**Brief:** Skip all pictures, then copy the lines from the start of the data through the line with "②付属のスポンジに本品を取り", keeping both ends.
** Opening Data section block **
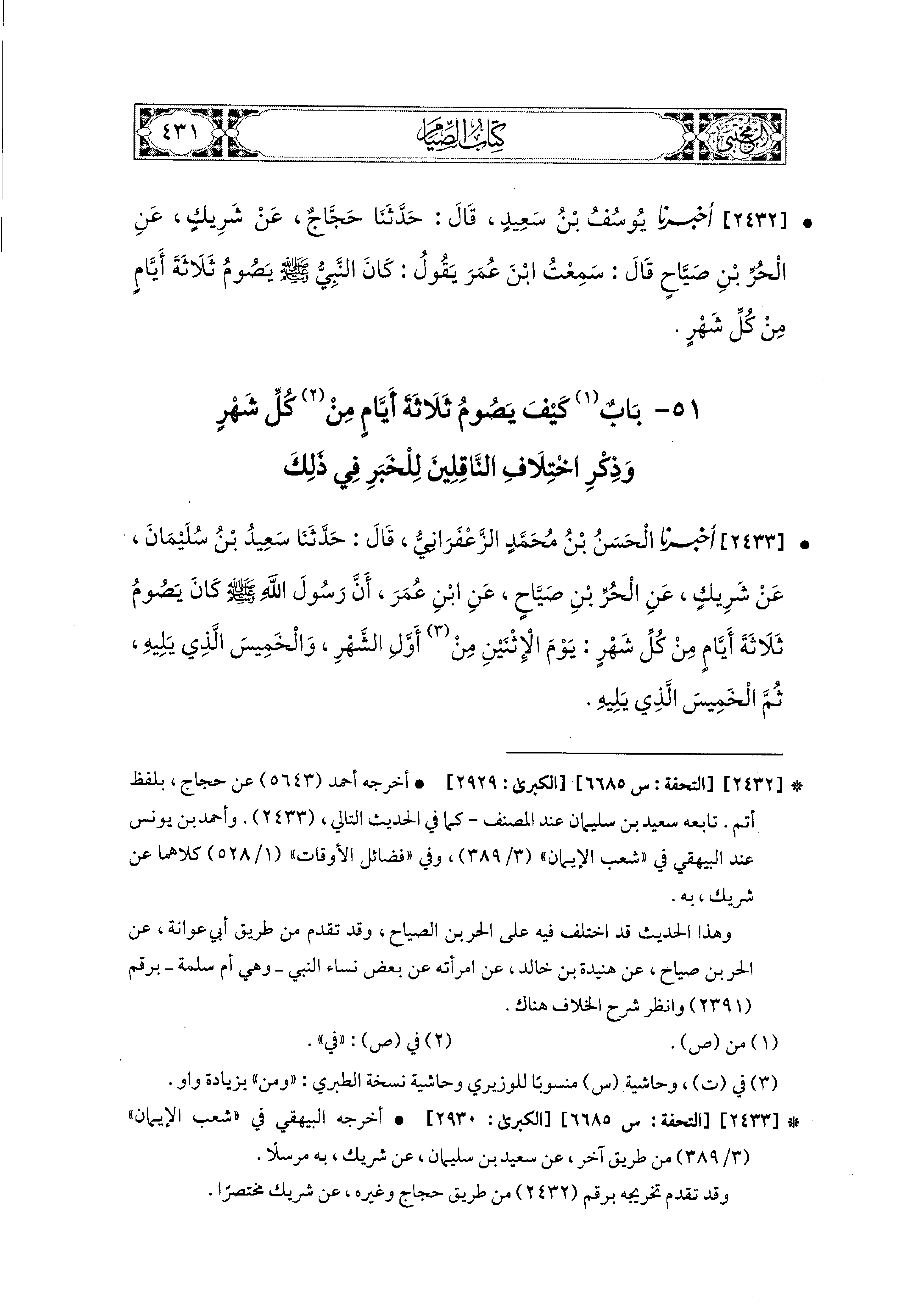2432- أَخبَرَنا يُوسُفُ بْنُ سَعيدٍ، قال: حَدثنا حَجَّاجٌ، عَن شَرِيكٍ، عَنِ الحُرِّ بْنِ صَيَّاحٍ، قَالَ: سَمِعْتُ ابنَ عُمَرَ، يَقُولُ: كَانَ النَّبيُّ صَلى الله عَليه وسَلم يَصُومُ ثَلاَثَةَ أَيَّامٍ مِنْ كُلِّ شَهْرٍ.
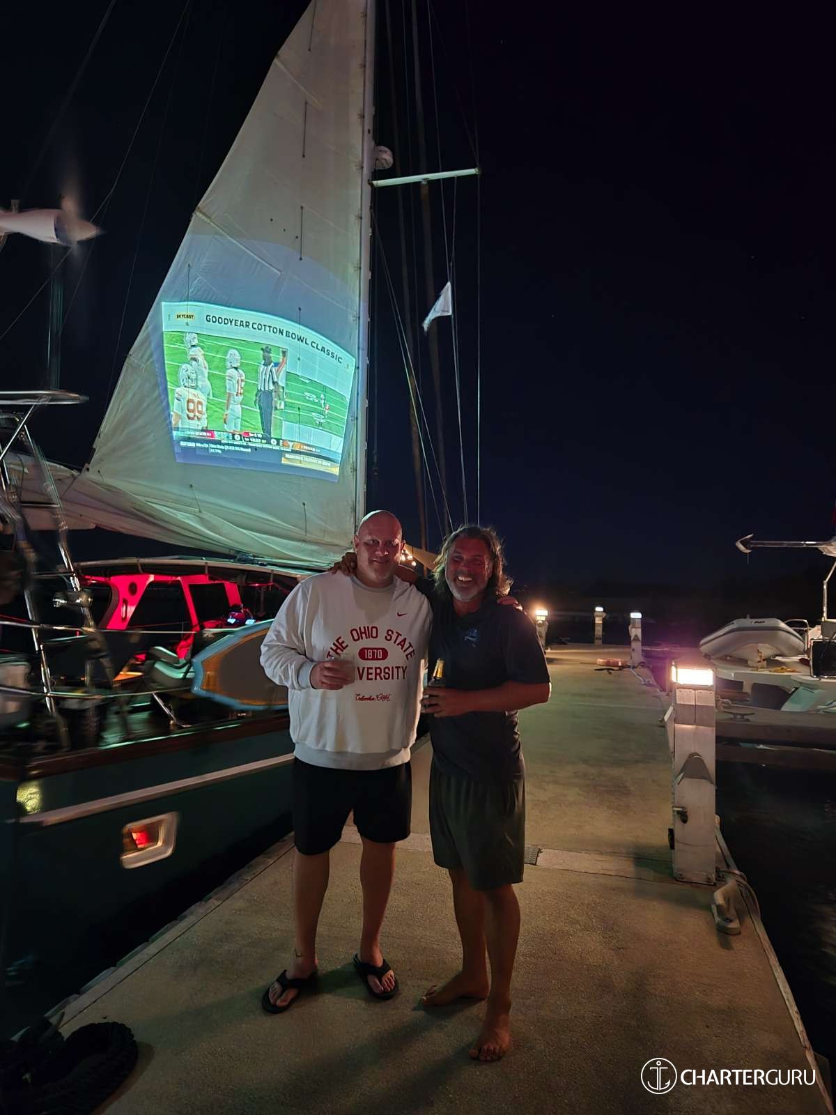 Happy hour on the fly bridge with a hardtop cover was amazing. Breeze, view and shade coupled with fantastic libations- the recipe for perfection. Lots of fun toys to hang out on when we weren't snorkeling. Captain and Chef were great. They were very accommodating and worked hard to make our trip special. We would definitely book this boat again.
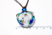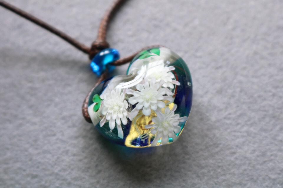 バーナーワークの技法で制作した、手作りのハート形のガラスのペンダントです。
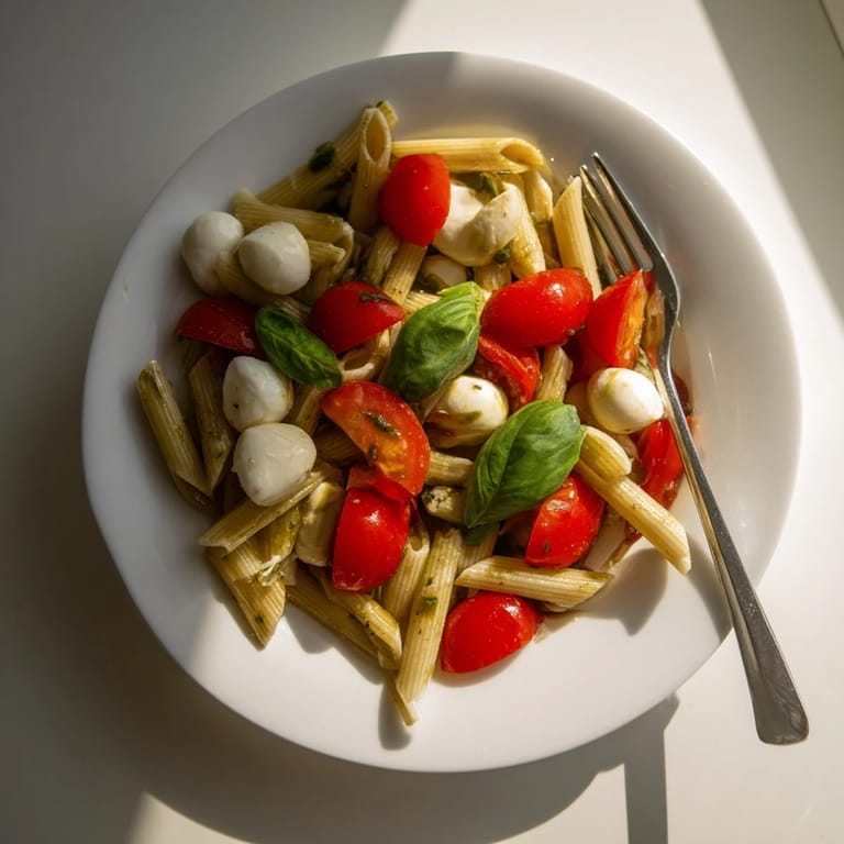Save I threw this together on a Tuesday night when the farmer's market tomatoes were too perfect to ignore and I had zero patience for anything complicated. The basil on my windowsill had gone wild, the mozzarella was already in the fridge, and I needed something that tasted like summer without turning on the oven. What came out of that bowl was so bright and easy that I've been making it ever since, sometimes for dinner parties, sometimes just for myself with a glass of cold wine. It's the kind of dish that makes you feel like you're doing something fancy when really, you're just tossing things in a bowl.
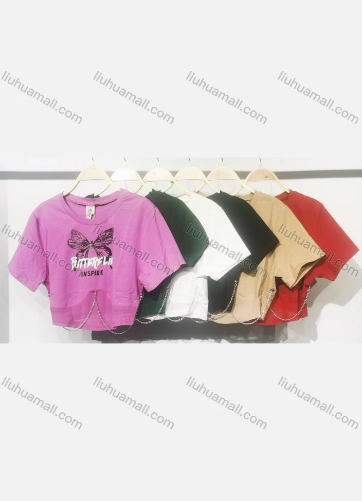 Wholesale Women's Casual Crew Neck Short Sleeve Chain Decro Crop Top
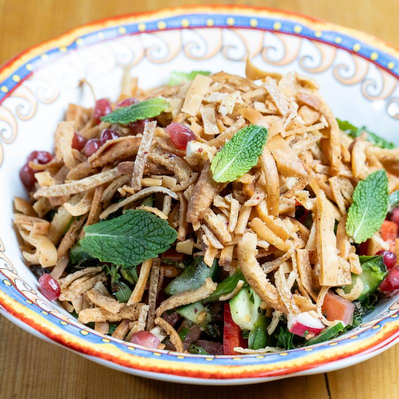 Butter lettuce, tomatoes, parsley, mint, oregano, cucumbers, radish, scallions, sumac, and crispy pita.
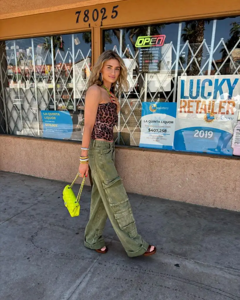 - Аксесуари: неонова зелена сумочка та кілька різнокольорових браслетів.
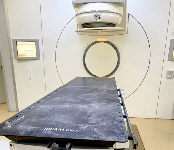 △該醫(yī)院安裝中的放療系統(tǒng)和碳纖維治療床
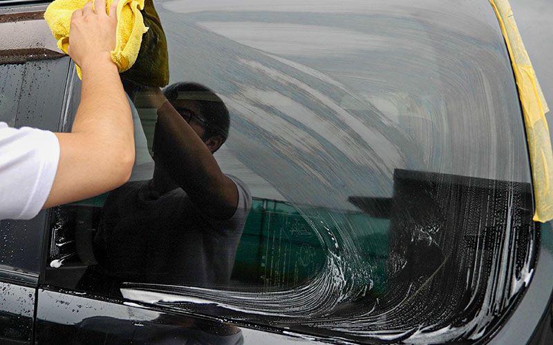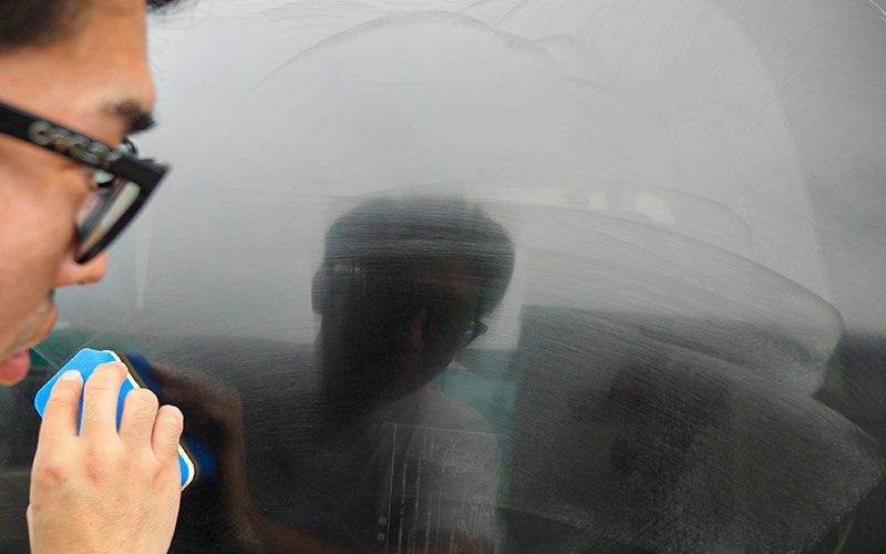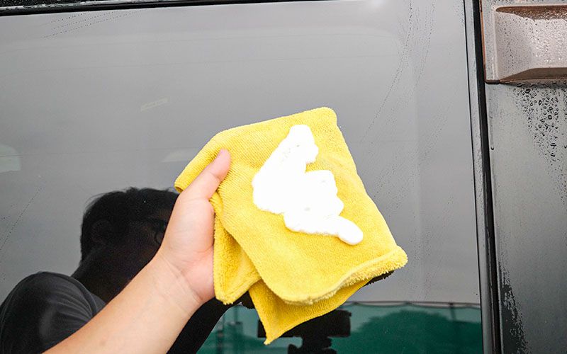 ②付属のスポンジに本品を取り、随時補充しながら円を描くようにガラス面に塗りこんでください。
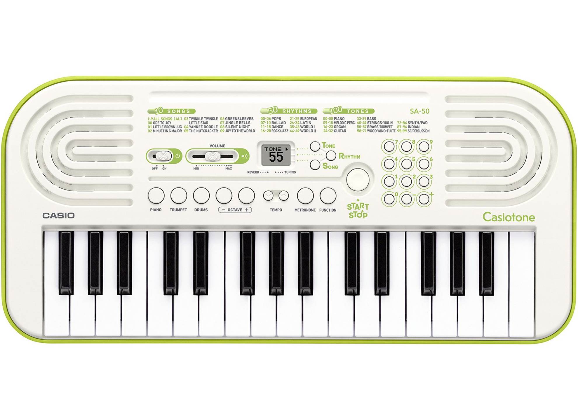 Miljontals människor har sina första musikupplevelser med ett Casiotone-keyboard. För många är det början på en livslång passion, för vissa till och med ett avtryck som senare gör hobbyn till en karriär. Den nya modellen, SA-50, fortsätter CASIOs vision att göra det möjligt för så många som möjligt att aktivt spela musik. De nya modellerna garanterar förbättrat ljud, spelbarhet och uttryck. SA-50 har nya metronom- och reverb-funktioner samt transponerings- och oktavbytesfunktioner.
** Closing Data section block **
**Exercise output:**
2432- أَخبَرَنا يُوسُفُ بْنُ سَعيدٍ، قال: حَدثنا حَجَّاجٌ، عَن شَرِيكٍ، عَنِ الحُرِّ بْنِ صَيَّاحٍ، قَالَ: سَمِعْتُ ابنَ عُمَرَ، يَقُولُ: كَانَ النَّبيُّ صَلى الله عَليه وسَلم يَصُومُ ثَلاَثَةَ أَيَّامٍ مِنْ كُلِّ شَهْرٍ.
 Happy hour on the fly bridge with a hardtop cover was amazing. Breeze, view and shade coupled with fantastic libations- the recipe for perfection. Lots of fun toys to hang out on when we weren't snorkeling. Captain and Chef were great. They were very accommodating and worked hard to make our trip special. We would definitely book this boat again.
 バーナーワークの技法で制作した、手作りのハート形のガラスのペンダントです。
Save I threw this together on a Tuesday night when the farmer's market tomatoes were too perfect to ignore and I had zero patience for anything complicated. The basil on my windowsill had gone wild, the mozzarella was already in the fridge, and I needed something that tasted like summer without turning on the oven. What came out of that bowl was so bright and easy that I've been making it ever since, sometimes for dinner parties, sometimes just for myself with a glass of cold wine. It's the kind of dish that makes you feel like you're doing something fancy when really, you're just tossing things in a bowl.
 Wholesale Women's Casual Crew Neck Short Sleeve Chain Decro Crop Top
 Butter lettuce, tomatoes, parsley, mint, oregano, cucumbers, radish, scallions, sumac, and crispy pita.
 - Аксесуари: неонова зелена сумочка та кілька різнокольорових браслетів.
 △該醫(yī)院安裝中的放療系統(tǒng)和碳纖維治療床
 ②付属のスポンジに本品を取り、随時補充しながら円を描くようにガラス面に塗りこんでください。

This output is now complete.